* **Problem statement**: Copy the records below exactly, starting at the line that contains "This functional and" and ending at the line that contains "Heute ist noch"; leave out any pictures.

Task data START

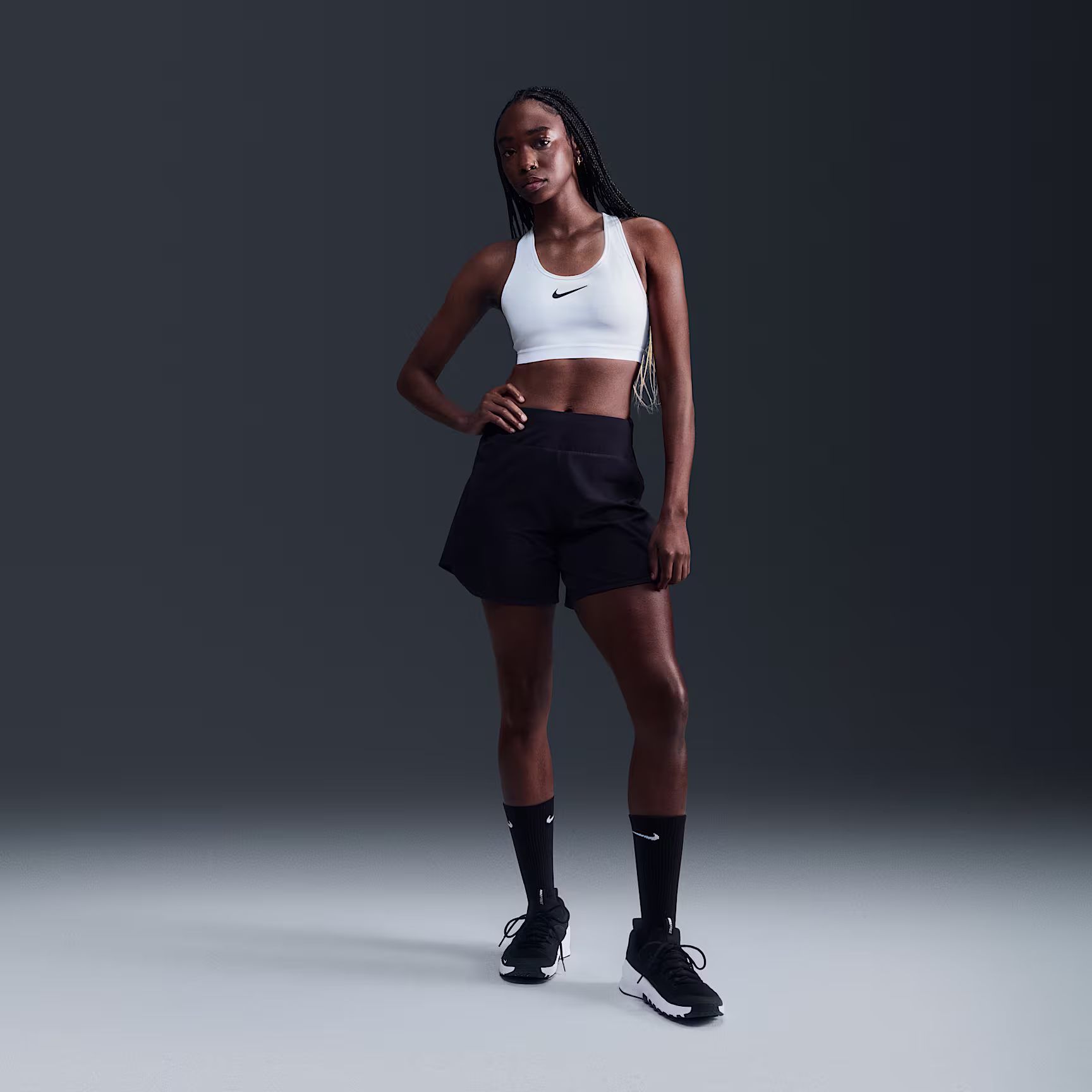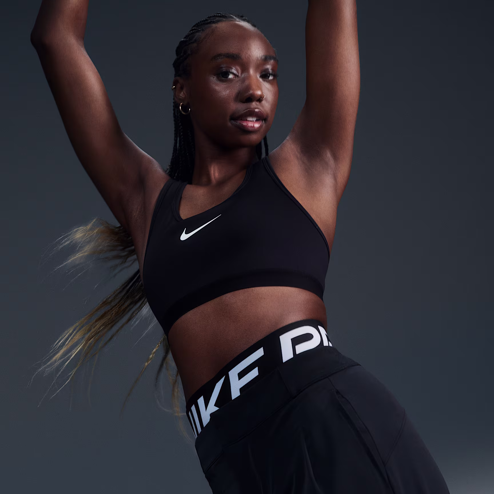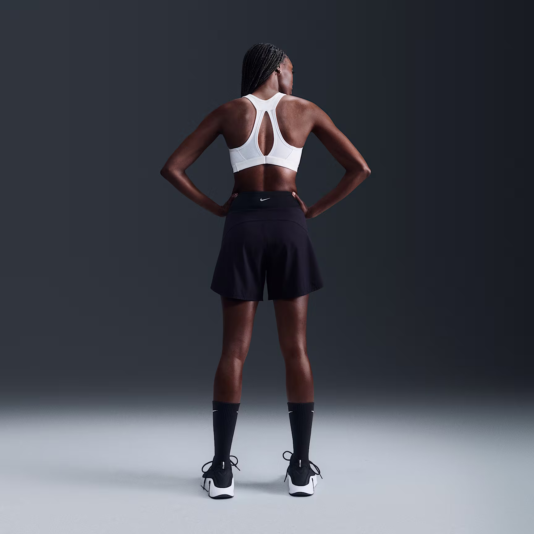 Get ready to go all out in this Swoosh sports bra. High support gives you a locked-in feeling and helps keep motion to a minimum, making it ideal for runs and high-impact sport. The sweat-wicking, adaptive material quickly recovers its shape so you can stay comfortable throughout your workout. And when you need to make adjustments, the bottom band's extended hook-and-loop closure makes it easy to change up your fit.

Task data END
Task data START

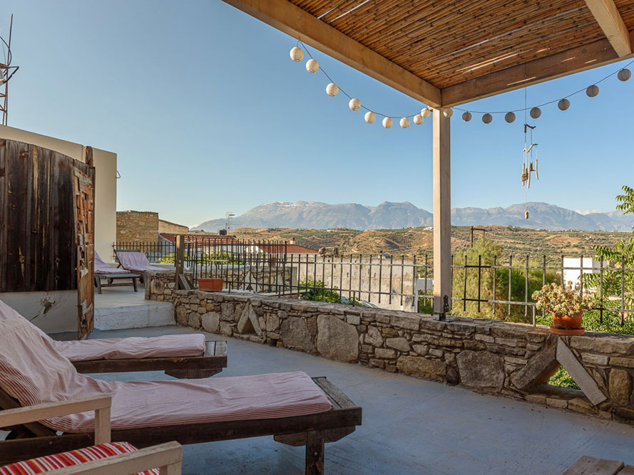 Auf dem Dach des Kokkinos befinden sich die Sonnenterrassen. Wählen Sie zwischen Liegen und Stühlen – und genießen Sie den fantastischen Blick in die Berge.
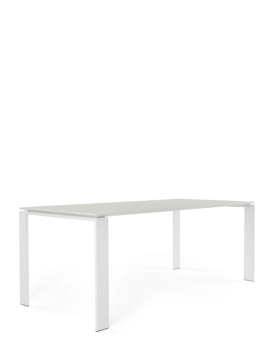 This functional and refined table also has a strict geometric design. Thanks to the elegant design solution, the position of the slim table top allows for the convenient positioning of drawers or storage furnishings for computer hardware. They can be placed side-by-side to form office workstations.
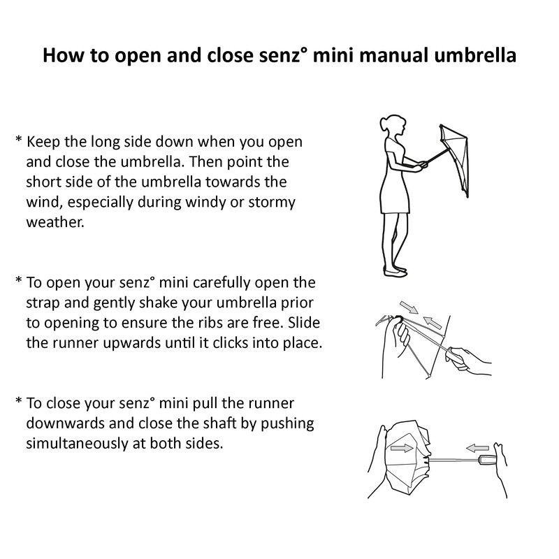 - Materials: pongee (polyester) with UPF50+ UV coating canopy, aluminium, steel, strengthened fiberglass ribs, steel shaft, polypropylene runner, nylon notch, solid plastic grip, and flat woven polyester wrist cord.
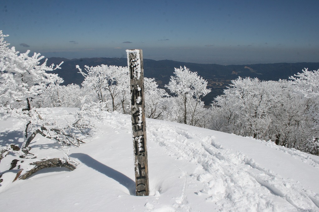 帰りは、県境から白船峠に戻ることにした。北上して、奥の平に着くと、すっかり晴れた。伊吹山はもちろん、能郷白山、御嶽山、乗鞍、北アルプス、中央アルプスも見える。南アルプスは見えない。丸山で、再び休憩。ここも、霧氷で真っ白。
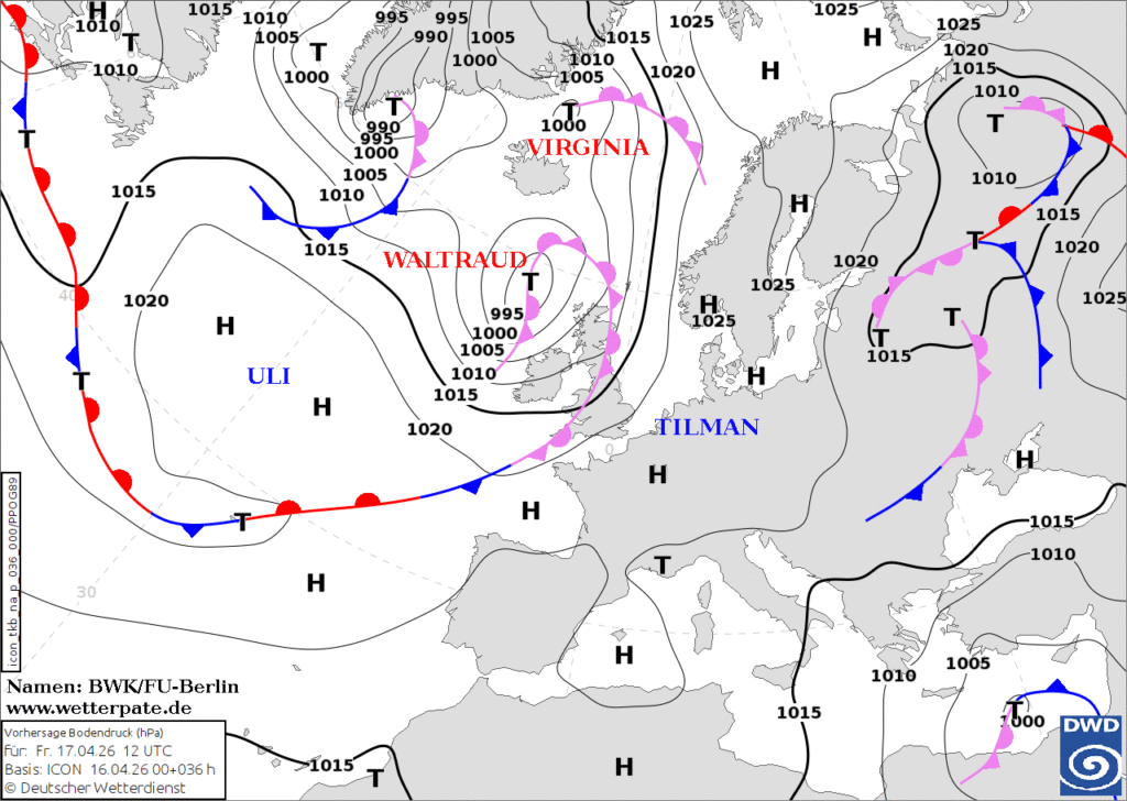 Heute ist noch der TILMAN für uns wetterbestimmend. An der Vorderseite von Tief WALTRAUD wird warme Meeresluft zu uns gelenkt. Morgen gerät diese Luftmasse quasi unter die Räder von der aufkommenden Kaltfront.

Task data END
Task data START

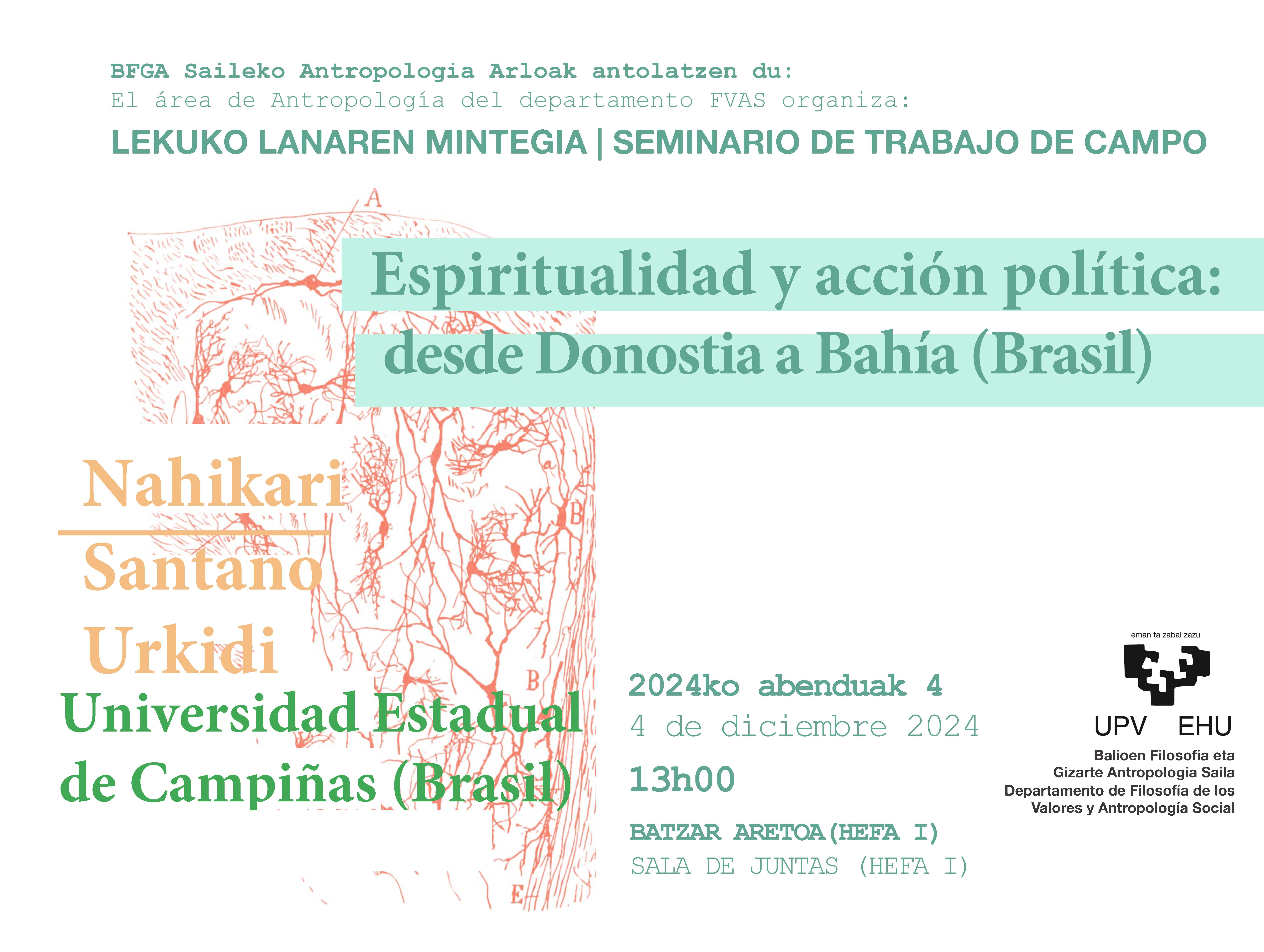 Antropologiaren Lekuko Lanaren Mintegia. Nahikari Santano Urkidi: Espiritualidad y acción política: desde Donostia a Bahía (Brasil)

Task data END

* **Output for this task**:
 This functional and refined table also has a strict geometric design. Thanks to the elegant design solution, the position of the slim table top allows for the convenient positioning of drawers or storage furnishings for computer hardware. They can be placed side-by-side to form office workstations.
 - Materials: pongee (polyester) with UPF50+ UV coating canopy, aluminium, steel, strengthened fiberglass ribs, steel shaft, polypropylene runner, nylon notch, solid plastic grip, and flat woven polyester wrist cord.
 帰りは、県境から白船峠に戻ることにした。北上して、奥の平に着くと、すっかり晴れた。伊吹山はもちろん、能郷白山、御嶽山、乗鞍、北アルプス、中央アルプスも見える。南アルプスは見えない。丸山で、再び休憩。ここも、霧氷で真っ白。
 Heute ist noch der TILMAN für uns wetterbestimmend. An der Vorderseite von Tief WALTRAUD wird warme Meeresluft zu uns gelenkt. Morgen gerät diese Luftmasse quasi unter die Räder von der aufkommenden Kaltfront.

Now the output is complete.